Killian Colombie

Personal information
- Date of birth: 2 November 1995 (age 30)
- Place of birth: Paris, France
- Height: 1.80 m (5 ft 11 in)
- Positions: Winger; forward;

Team information
- Current team: Atlètic Club d'Escaldes

Youth career
- Paris Saint-Germain

College career
- Years: Team / Apps / (Gls)
- 2015–2018: Iona Gaels / 72 / (15)

Senior career*
- Years: Team / Apps / (Gls)
- 2018: AHFC Royals / 13 / (10)
- 2018: Brazos Valley Cavalry / 1 / (0)
- 2019: Swope Park Rangers / 21 / (3)
- 2020–2021: Aldershot Town / 15 / (0)
- 2021–2022: Lewes / 16 / (1)
- 2022: Fjölnir / 19 / (0)
- 2023–: Atlètic Club d'Escaldes / 0 / (0)

= Killian Colombie =

French footballer (born 1995)

Killian Colombie (born 2 November 1995) is a French professional footballer who plays as a forward for Atlètic Club d'Escaldes in Andorra.

==Career==
===Youth and college===
Colombie enrolled at Iona College in 2015 and joined the Iona Gaels men's soccer team. Once the Iona season began, Colombie started in all 18 games he appeared in. Across four seasons with Iona, Colombie played in 72 games and tallied 15 goals and six assists as a forward. The Paris, France native set career-best marks in his senior season with the Maroon & Gold, scoring seven goals and assisting on three more. His performance in his senior season garnered him recognition on the All-MAAC First Team as well as second team honors on the United Soccer Coaches NCAA Division I All-East Region Team.

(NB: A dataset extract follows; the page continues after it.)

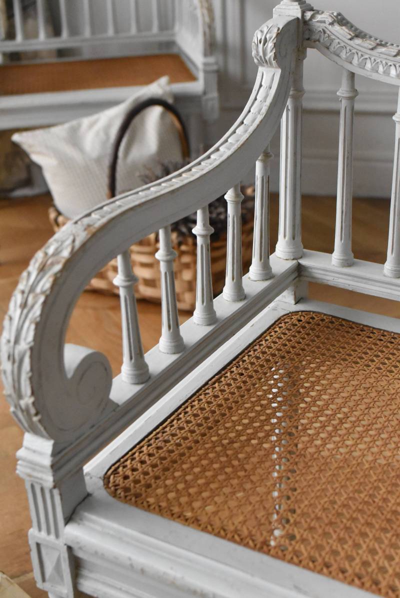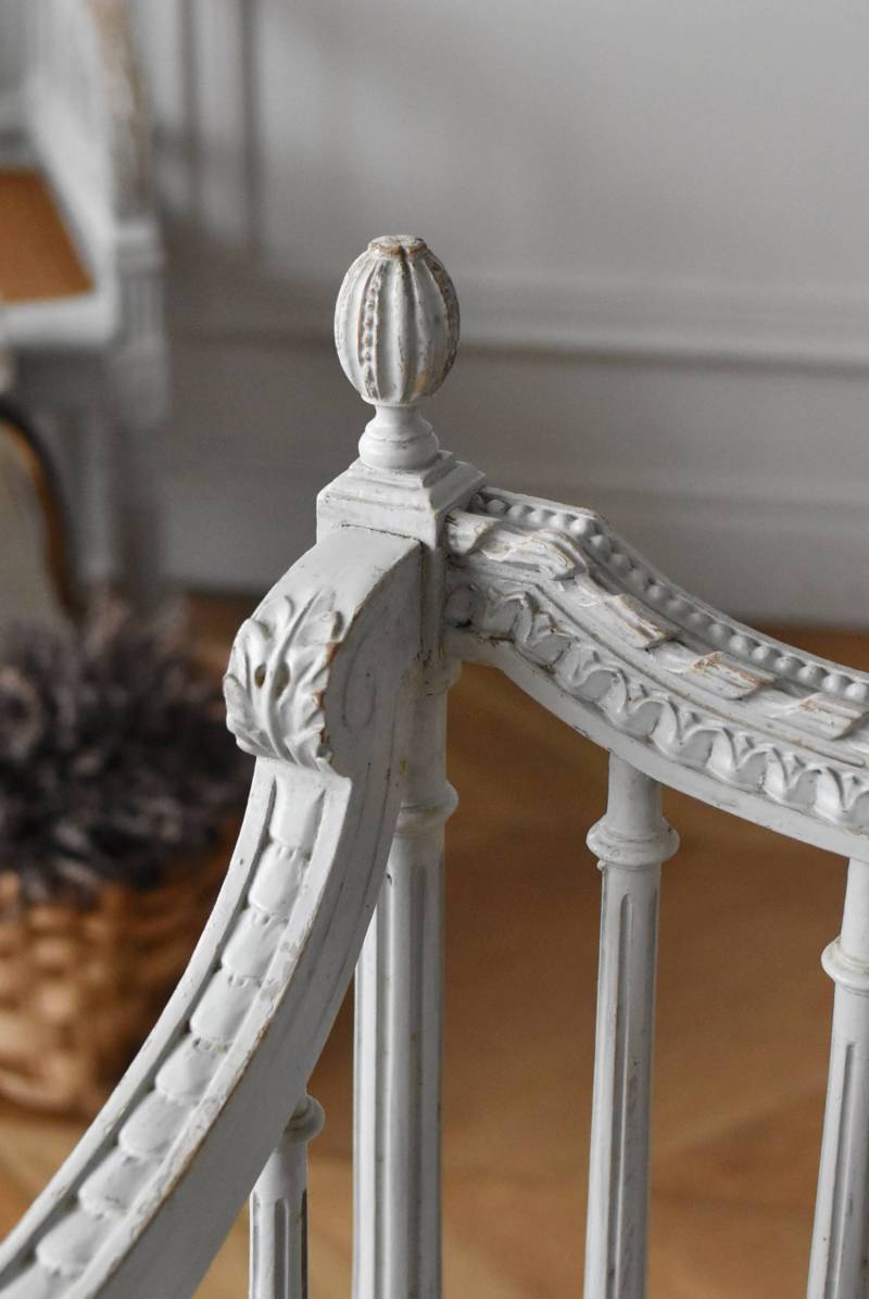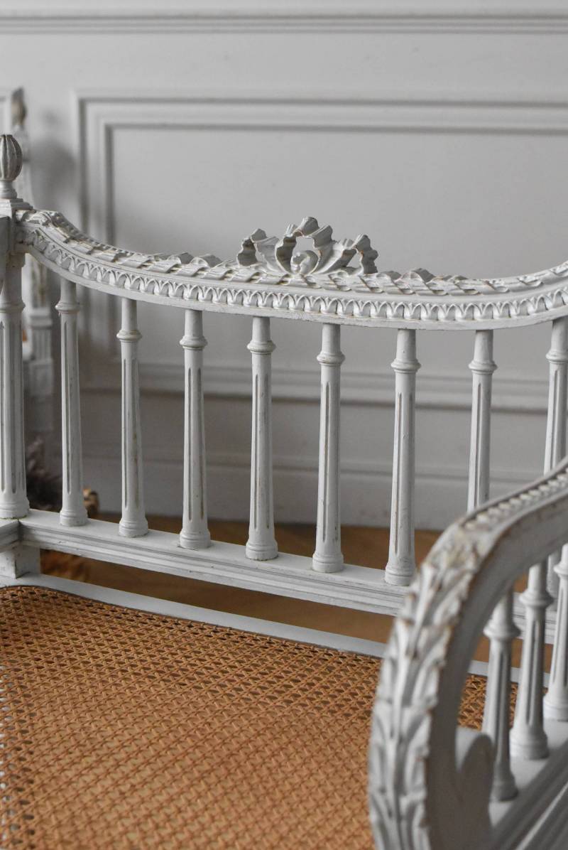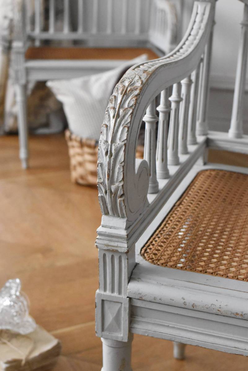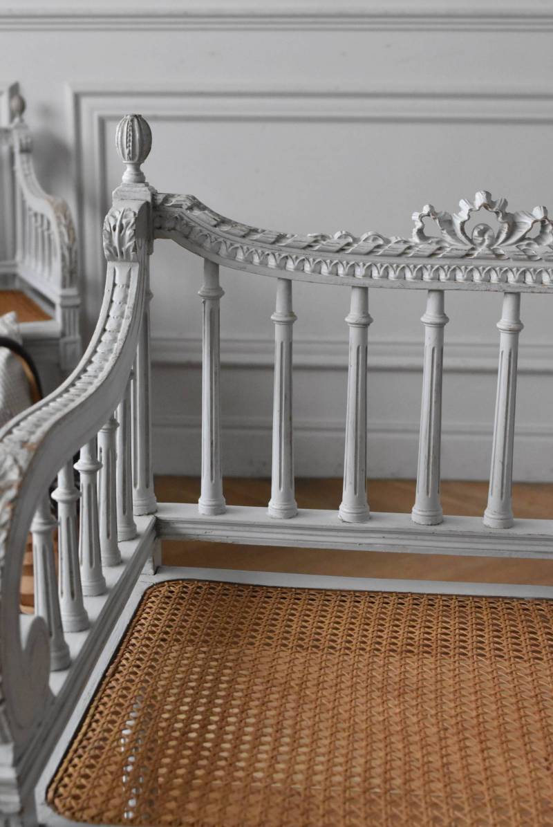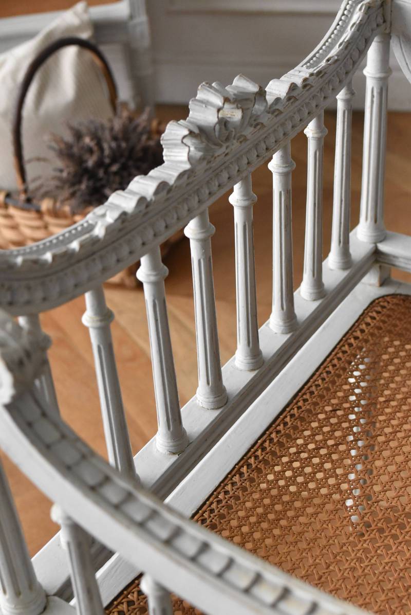 フランス.19世紀後半のアンティークアームチェア。 柱廊を連想させるような華奢な縦ラインで囲まれ、すっきりとした印象ながらもどこか風格のある佇まいです。背もたれトップには柔らかさが見事に表現されたリボン装飾も繊細で、緩やかな曲線を描くアームに施された細やかな連続模様を楽しめたりと洗練された美しさを感じられます。 ルイ16世スタイルならではの魅力がギュッと詰まっており、素材ならではのぬくもりのある座面の籐部分も買い付け当時のままのものとなりますが、しっかりとハリがあり目立つような穴あきなどはありません。同じデザインの アームチェア.Bがあり、それぞれでの販売となりますが、ペアとして揃えるのもおすすめです。 W 約57.5cm D 約46.5cm H 約77.5cm 座面までH 約40cm アームまでH 約60.5cm こちらの商品の配送について

Colombie finished his Iona career ranked tied for ninth all-time in shots attempted (119) and shots on goal (48). He ended his career with 15 goals, six assists and three game-winning goals. Colombie's efforts placed him among 50 student-athletes on the initial PDL College Prospect List. Additionally, Colombie was eligible for the MLS Super Draft 2019 in Chicago.

In 2018, Colombie had most recently been on trial with Hearts F.C. in Edinburgh, Scotland. He has also received invitation from the New York Red Bulls. In addition to securing a training spot with Edinburgh, Colombie has trained with the Major League Soccer programs, the New York Red Bulls and San Jose Earthquakes, during the winter.

===Senior===
Over the summer before the fall 2018 season, Colombie played for the Albion Hurricanes FC Royals in the Premier Developmental League Mid-South Division. He led the team and tied for the conference-best with 10 goals. His five assists were a team-best and ranked second in the league. The Royals finished the season with a third place 7–7–0 record and a goal differential of zero.

Iona College men's soccer alumnus Killian Colombie signed with the Swope Park Rangers of the United Soccer League in February 2019. The Rangers are affiliated with Sporting Kansas City of Major League Soccer.

In September 2020, he joined National League side Aldershot Town, before moving to Lewes ahead of the 2021-22 season.